You might try either the Imagine or Foster and Smith filters for Penguins, they have a clamshell that snaps open and uses a replaceable floss, similar to Whisper. However, you can buy a roll of bulk floss and cut pads to fit the clamshell.


----------



## doughnut

I've got a 100 myself for my 10g..its smaller and only has one filter but I've had it a soild month and a half with out it clogging and getting slime in it. Im really liking it so far.


----------



## teddyzaper

i have 2 penguin bio wheels one 100 and one 150 on a 35gal and a 10gal and i use 2 cartridges in the 150 and never had a problem i think it could be the sand if u have sand, some sand has really fine dust try moving the intake tube farther from the gravel unless its already far


----------



## MXS

FuzzAz said:


> My filters are getting cloged soo fast. Then water starts pouring over the overflow, and the bio-wheel stops turning. if I put a brand new cartrage in, after just a few days there is not enough flow to keep the bio-wheel spinning. So I rince it out, then every day after that I have to rince it out or it gets cloged, that maybe works for 4 more days. and get this, there are not even any fish in my tank!
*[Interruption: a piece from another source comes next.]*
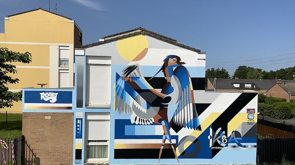 Regarder la nature près de chez soi. Tel est – en substance – le message véhiculé par ce magnifique cerf coloré de Saint-Quentin (02) ou cet hibou éclatant à Vesoul (70). Ces œuvres d’animaux sortent de l’imaginaire d’un duo de Chambéry (Savoie) : Katia et Action. Le couple a fusionné ses compétences pour ne faire plus qu’un, Kat & Action. Leur spécialité : des peintures géométriques et colorées sur des murs ou des toiles.

Thats right I am just cycleing, trying to get things established and I cant evin keep a filter in there for more than 2 weeks. Not to mention these things are like $3 each in the bulk pack. Right now I am using filters in both slots, that way when I have to throw out the front one I have a second one started and I move that to the front spot and put a new one in the second spot. I was wondering if others have this problem, and if there is a good fix. I was thinking maybe take an old filter and take off the blue filter element so its just the balck screen and placing that in the front slot, so its like a prefilter. Also, what other filters could you recomend. [/list]


My penguin 200 does the same exact thing. I don't have sand or any fine particles to block water flow. Even when my filters are clean it doesn't move the bio-wheel. I think it's just a design flaw...


----------



## x2fast4everyone

THE SAME EXACT HAPPENED TO ME! I had a penguin 150 it stopped turning after like 5 days, it made a terrible sound. So i eventually ran out and got an aquaclear. AQUACLEARS ARE AMAZING. Quiet and keep my tank clear.


----------



## Romad

x2fast4everyone said:


> THE SAME EXACT HAPPENED TO ME! I had a penguin 150 it stopped turning after like 5 days, it made a terrible sound. So i eventually ran out and got an aquaclear. AQUACLEARS ARE AMAZING. Quiet and keep my tank clear.


 
Same here. Ditched the penguin and bought the aquaclear. Loving it!


----------



## teddyzaper

OK FOUND THE FIX!!!! take everything apart and where the impeller is near, in the tube just shake it a bit then put it back together also dry it all out before. mine is spinning now like crazy on both and has got algea growth on it already!


----------